あなたの青春は、なにいろ? ~「旅路」によせて~
私の高校時代は、音楽と部活の思い出がすべて。はりつめた糸が切れそうなくらい不器用に真面目、自信がなくて、自分を追い込む。好きなことと苦しいことが裏表にくっついていて、息苦しかった思い出が多い。今から思えばかなり、精神的に不安定だった。
もう一度経験できたらもっと高校生活を楽しめたのに、と思う。
でも、もう一度は無理、とも思う。
高校時代の部活は「音楽部」という名称の混声合唱部だった。
毎年夏休みには合宿もあり、『合唱コンクール』に向けて、毎日練習をしていた。
目立ちたくないのに、パートリーダーになってしまっていた。ある程度後輩の見本になり、引っ張っていかなければならない立場だった。
普通の公立高校なのに男女問わずピアノを弾ける人が多く、休憩時間には、ピアノを弾ける男子達は耳コピで「ラジオ体操第一」を弾いたり、「短調版:悲しいラジオ体操第一」にしたりして遊んでいた。
私は5歳からピアノを習っていたけれど、“耳コピ”ができない。音楽を楽しんでいる男子達が心底うらやましくて、映画『アマデウス』のサリエリの気持ちが少しわかる気がしていた。
高3の9月まで部活が続き、毎日音楽漬けの高校生活だった。
月~金曜日まで朝練・放課後部活で毎日歌い、土曜日は音大教授のピアノレッスン、日曜日は別の先生に聴音(楽譜の書き取り)+声楽+ピアノレッスンを受けていた。音大を目指すと決めたわけでもないのに、なぜかそうなっていた。
それだけ毎日音楽に取り組んでいるのに、人前でピアノを弾いたり一人で歌ったりすることは苦手で、音大は向いていないと思っていた。
おまけに父は『プロジェクトX』から出演依頼がくるほどの仕事人間で、音楽への理解など全くなかった。女は専業主婦として夫を支えるために、企業で働いて男が働く姿を見ておけ、という感じだった。
本当は何をしたい?という問いは、全くない環境。
とりあえずピアノだけは趣味で続けて、親の言う通りの路線にのるのが最善の道だった。
社会人になってからは音楽から離れ、やりたいことはひと通りやってみたけれど、思春期の経験は特別。
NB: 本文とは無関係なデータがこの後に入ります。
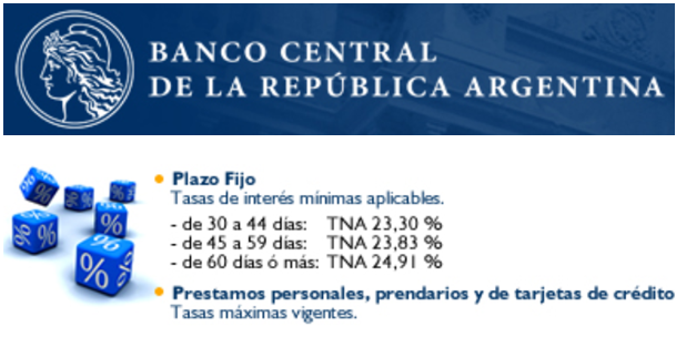 Actualmente las tasas de plazos fijos están reguladas por el Banco Central (BCRA), es decir que el BCRA obliga a los bancos a pagar una tasa mínima por dichos depósitos. Esto aplica para depósitos de personas físicas menores a $ 350.000.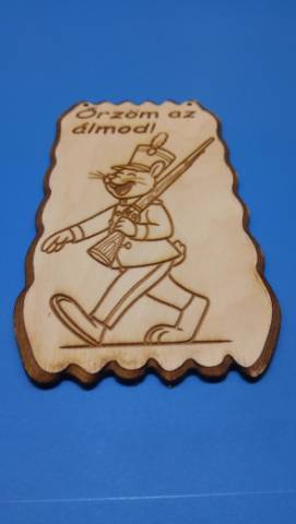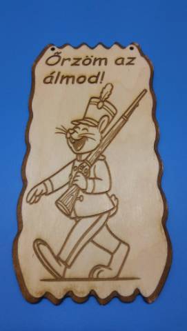 Ez a vidám, katonás nyuszi azért masírozik ilyen büszkén, hogy minden éjjel őrizze a kicsi álmát! Vidám, barátságos és egy kicsit bohókás ez a lézergravírozott fa tábla. A mosolygós, katonaruhás nyuszi, büszkén vállalja a feladatot: "Őrzöm az álmod!" Kiváló választás gyerekszobába, kiságy fölé vagy ajándéknak keresztelőre, születésnapra, babaváróra. A természetes fa erezete és a tiszta vonalú gravírozás együtt kellemes, megnyugtató hangulatot teremt, miközben játékos karaktert visz a szobába. Rendkívül könnyű, bármilyen falfelületre egyszerűen felhelyezhető.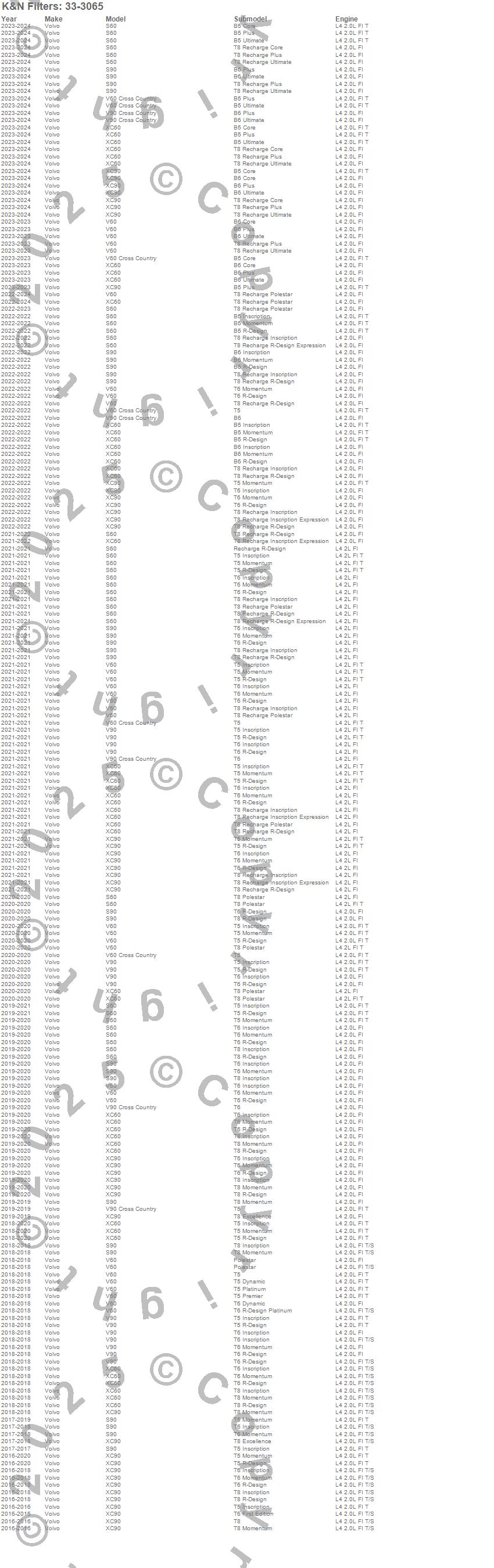 Below is an abbreviated list of applications for the Air Filter.S90, V60, V90, V90 Cross Country, XC60, XC90, Volvo, 2019, 2018, 2017, 2016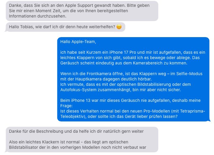 vielen Dank für Deine aufklärende Thematisierung und für die Bereitstellung der Apple Support-Kommunikation. Deine Aufmerksamkeit – vielleicht auch Deinem guten Gehör geschuldet – ist wirklich beeindruckend.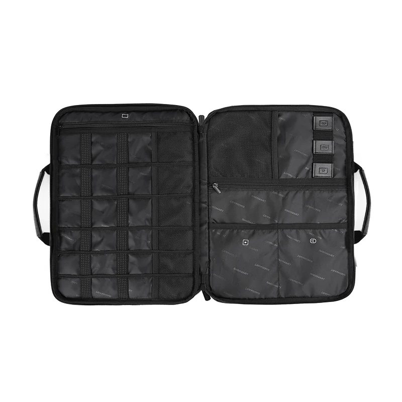 Чехол не будет торчать, даже если вы положите мышь, адаптер, зарядное устройство и банк питания вместе. Гарантированно, что устройства, которые вы хотите использовать, всегда под рукой.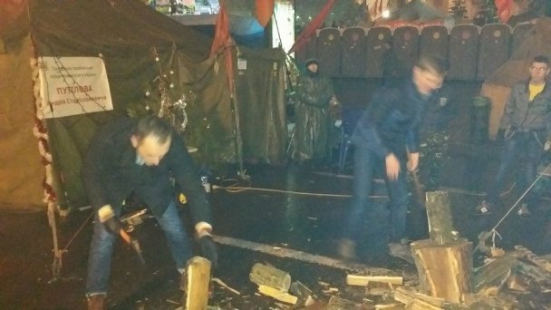 Вночі народні обранці спілкувалися із людьми та навіть рубали дрова.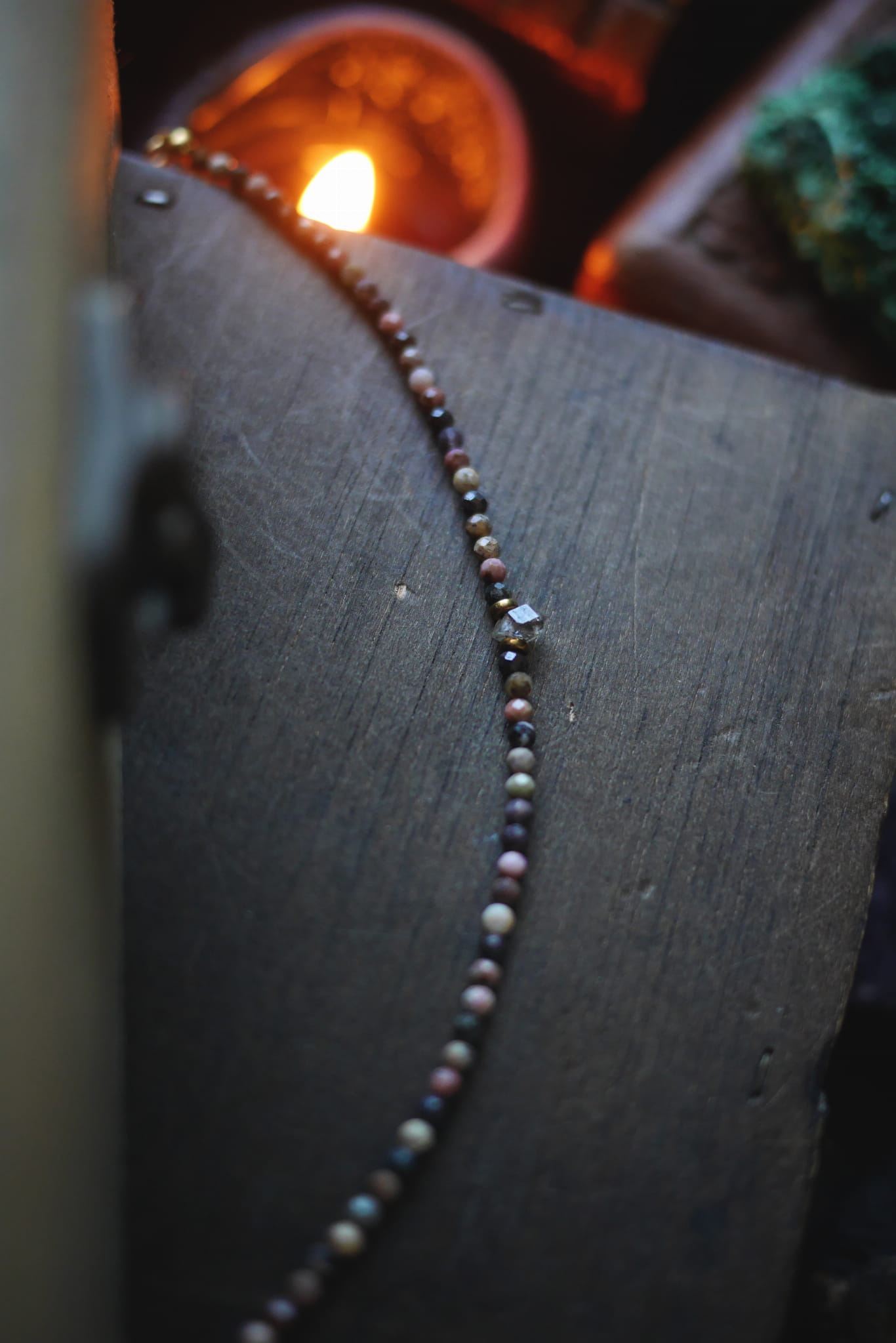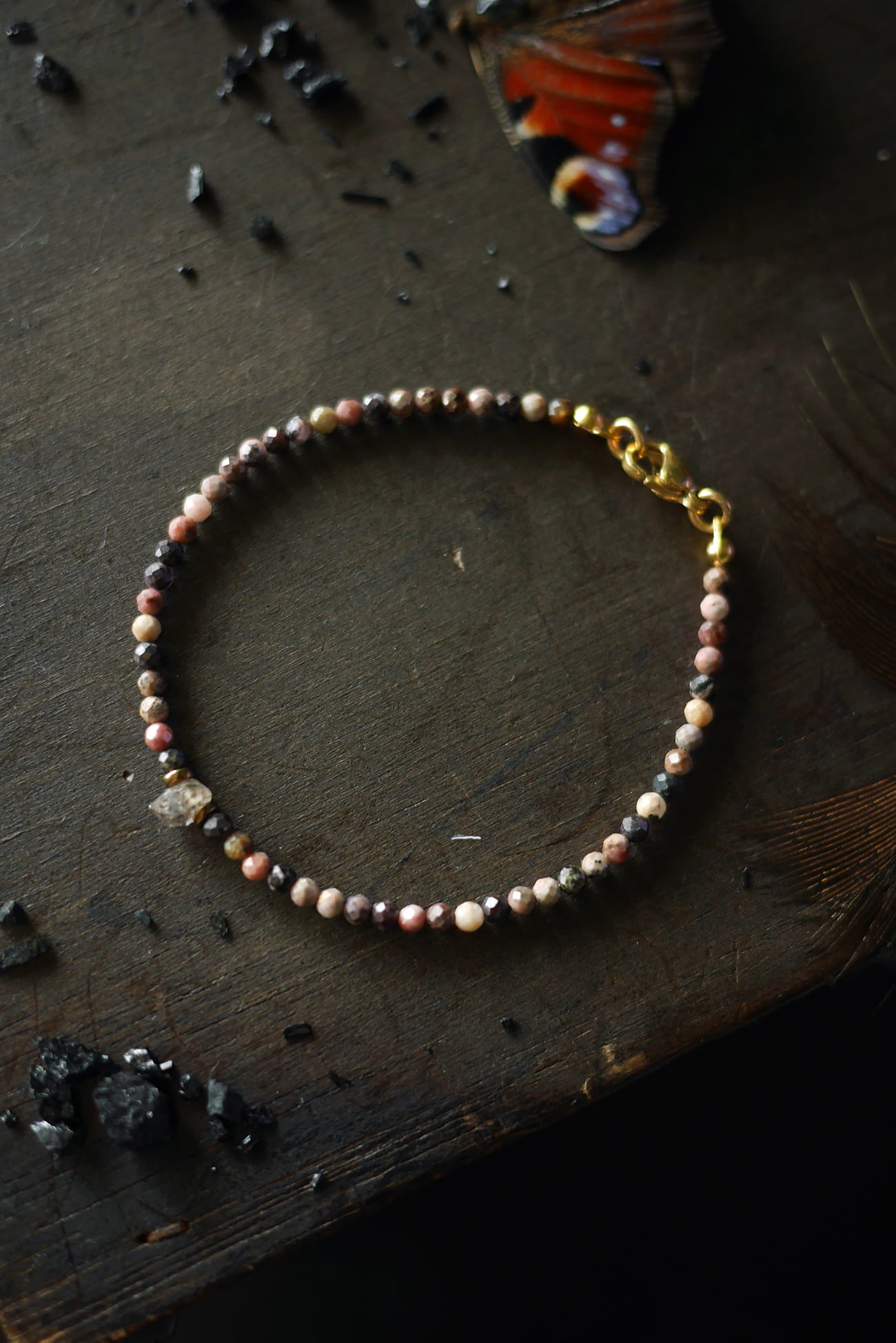 W centralnej części znajduje się kwarc herkimer. Przekładki oddzielające kamień brązowe, szklane.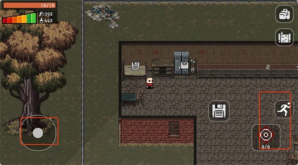 2、游戲中,利用左側(cè)虛擬搖桿移動(dòng)角色,右側(cè)功能按鈕執(zhí)行動(dòng)作,關(guān)注上方狀態(tài)條,保持角色狀態(tài)良好。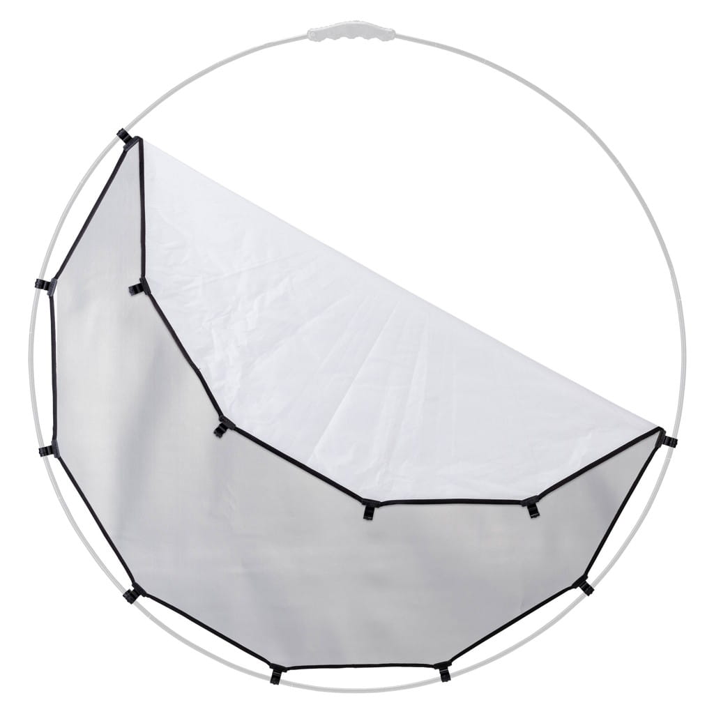 Dwustronna tkanina srebro-biała Lastolite HaloCompact LL LR3332 do stosowania z ramą HaloCompact Plus 98 cm. Może być wykorzystana jako dodatkowy ekran do blend HaloCompact Plus LL LR3331 lub jako rozszerzenie funkcjonalności dyfuzora HaloCompact LL LR3333.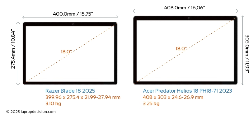 USBBoth Blade 18 2025 and Predator Helios 18 PH18-71 2023 feature 3x USB 3.2 USB-A ports.Both Blade 18 2025 and Predator Helios 18 PH18-71 2023 feature 2x USB 4.0 USB Type-C ports.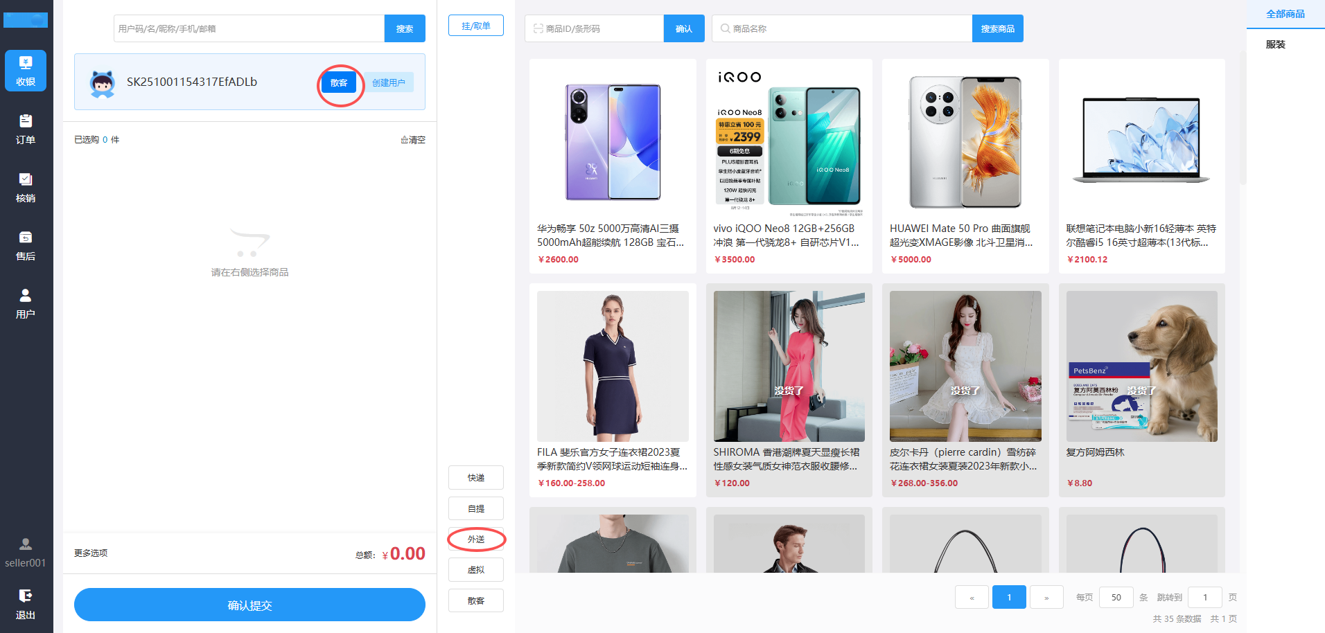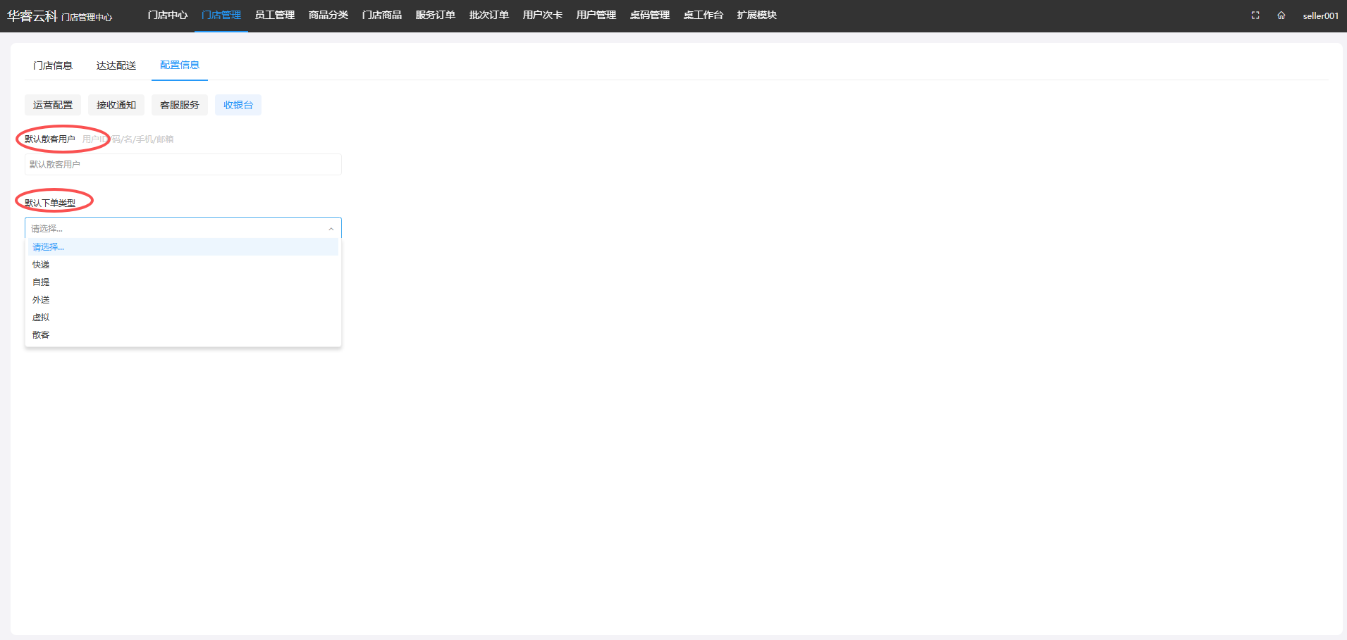 1.收银台配置页面中,输入默认散客用户名,在收银台页面左上用护栏显示相关名称信息。(用户名称只支持用户ID、码、手机号、邮箱)

限界ギリギリの苦しい思い出と、キラキラの思い出が同居している。
それは“なにいろ”だろう? セピア色、モノクロ、ピアノ色?
ひとつはっきりしていることは、そこに原石があって、かすかに輝いていること。
どうもここが涙腺ポイントのようで、『旅路』を聴くたびに泣いてしまうので、当分外では聴けそうにない。
自分の中にずっとためていた“音楽”をnoteに出していくことで、最近ひとつのビジョンがみえている。
それは、自分の最後の日のイメージ。
『ジャンル』を超えた音楽を愛する人達が、それぞれ音楽を奏でて楽しんでいる。それを見ながら、今までの人生全てに感謝して天に召される。
今のところこれ以上の、至福の最後は思い浮かばない。
《追記》
まさかの文部科学大臣新人賞!
『旅路』が教科書に載る日も近い。